M. Blondel : Non, par contre le ministre de l'Industrie, lui, s'en inquiète. Et j'ai été allé voir le ministre de l'Industrie, le ministre de l'Education nationale, Monsieur Arthuis ; j'avais demandé à J. Arthuis si la solution n'était pas de faire un emprunt et qu'en définitive, on aurait donné de l'emploi car on y passera à l'amiante, on est obligé d'y passer ! Il parait qu'il y a 2 000 établissements scolaires qui contiennent de l'amiante. Comme elle s'effrite à un moment donné, il faudra y passer. Est-ce que l'on ne peut pas utiliser la chose comme on le fait aux Etats-Unis, à savoir faire un programme sur cinq et dix ans et essayer de créer de l'emploi ?
R. Arzt : Reconnaissez-vous quand même que ce gouvernement soit un gouvernement réformateur ?
M. Blondel : Qu'est-ce que cela veut dire réformateur ? Lorsque je parle de Monsieur Juppé et de la réforme de la Sécurité sociale, je dis que c'est une contre-réforme. Moi, je suis réformateur c'est-à-dire que je veux modifier les choses pour qu'on les améliore. A partir du moment, où on ne les améliore pas ce n'est pas une réforme !
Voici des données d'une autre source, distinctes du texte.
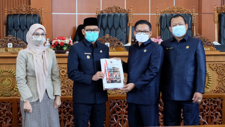 Ketua DPRD Kota Depok, TM. Yusufsyah Putra menyerahkan pokok pikiran DPRD Kota Depok kepada Wali Kota Depok untuk selanjutnya dilakukan pembahasan. (Foto: JD01/Diskominfo)

R. Arzt : Justement la Sécurité sociale ; le trou tournerait autour de 50 à 55 milliards selon J.-M. Spaeth, nouveau président de la CNAM, qu'en pensez-vous ? Est-ce que cela pose la question d'une augmentation des cotisations ?
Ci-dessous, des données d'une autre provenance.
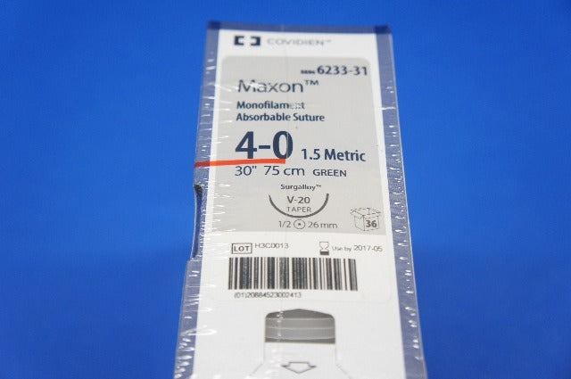 Covidien 6233-31 Maxon, V-20, Monofilament Absorbable Stre 30", Size 4-0

M. Blondel : Je crois que Monsieur Spaeth en remet un petit peu. Mais c'est déjà gravissime car je crois qu'il y aura, pour moi, 35 milliards de déficit en matière d'assurance maladie. Seulement sur les 35 milliards, il faut bien savoir qu'il n'y aura que 5 milliards qui correspondront, effectivement, à des dépenses supplémentaires de consommation. Mais il y a 30 milliards qui correspondent au fonctionnement actuel et normal. Alors je crois que Spaeth en remet un peu pour pouvoir dire qu'il a évité que ce soit aussi important. C'est une tactique quand on est président pour essayer de s'en sortir.
R. Arzt : Ceci pose la question d'une augmentation des cotisations ?
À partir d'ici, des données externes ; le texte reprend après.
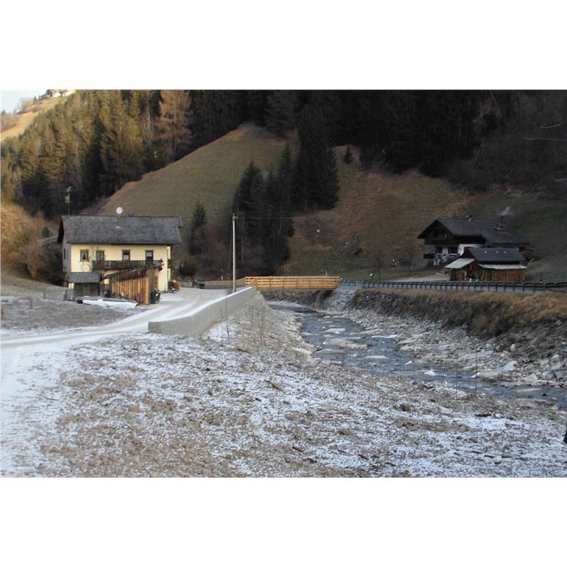 Im heurigen Jahr konnten die beiden Projekte zum Hochwasserschutz am St.-Vigil-Bach in der Gemeinde St. Vigil in Enneberg mit insgesamt 540.000 Euro abgeschlossen werden. Entlang der Handwerkerzone "Möbel Mareo" wurde der Bach auf einer Länge von 150 Meter leicht aufgeweitet und das orographisch rechte Ufer mit Zyklopensteinen und einer Uferschutzmauer aus Stahlbeton gesichert. Um oberhalb der Handwerkerzone ein Abfließen des Baches über die Staatsstrasse möglichst ausschließen zu können, musste der St.-Vigil-Bach auf weiteren 450 Metern aufgeweitet und neu gestaltet werden. Abschnittsweise musste dabei der vernässte orographisch linke Einhang mit Zyklopen gesichert bzw. an Engstellen der bestehende Fels abgetragen werden. Auch unterhalb von Crepa wurde der St.-Vigil-Bach auf einer Länge von 120 Metern aufgeweitet und ökologisch gestaltet. Zum Schutz des Wohnhauses Winkler musste orographisch links eine Uferschutzmauer errichtet und eine Brücke erneuert werden. Für Projektierung und Bauleitung war Martin Moser verantwortlich, für den Bautrupp Markus Passler.

M. Blondel : Je ne sais pas. J'avais entendu Madame Notat dire que le cas échéant, les gens auraient compris si on augmentait les cotisations si on justifiait de l'utilisation de ces augmentations. Et puis maintenant, Spaeth dit le contraire. Mais ce que je sais, en fait, c'est qu'il faut savoir combien on affecte à la santé dans la répartition des richesses. Et Je crois qu'il faut le faire de telle manière que ce soit solidaire et égalitaire. Et croyez-moi, ce n'est pas de la langue de bois car c'est un objectif très précis. Et nous ferons entendre notre position là-dessus toutes les fois que cela sera nécessaire.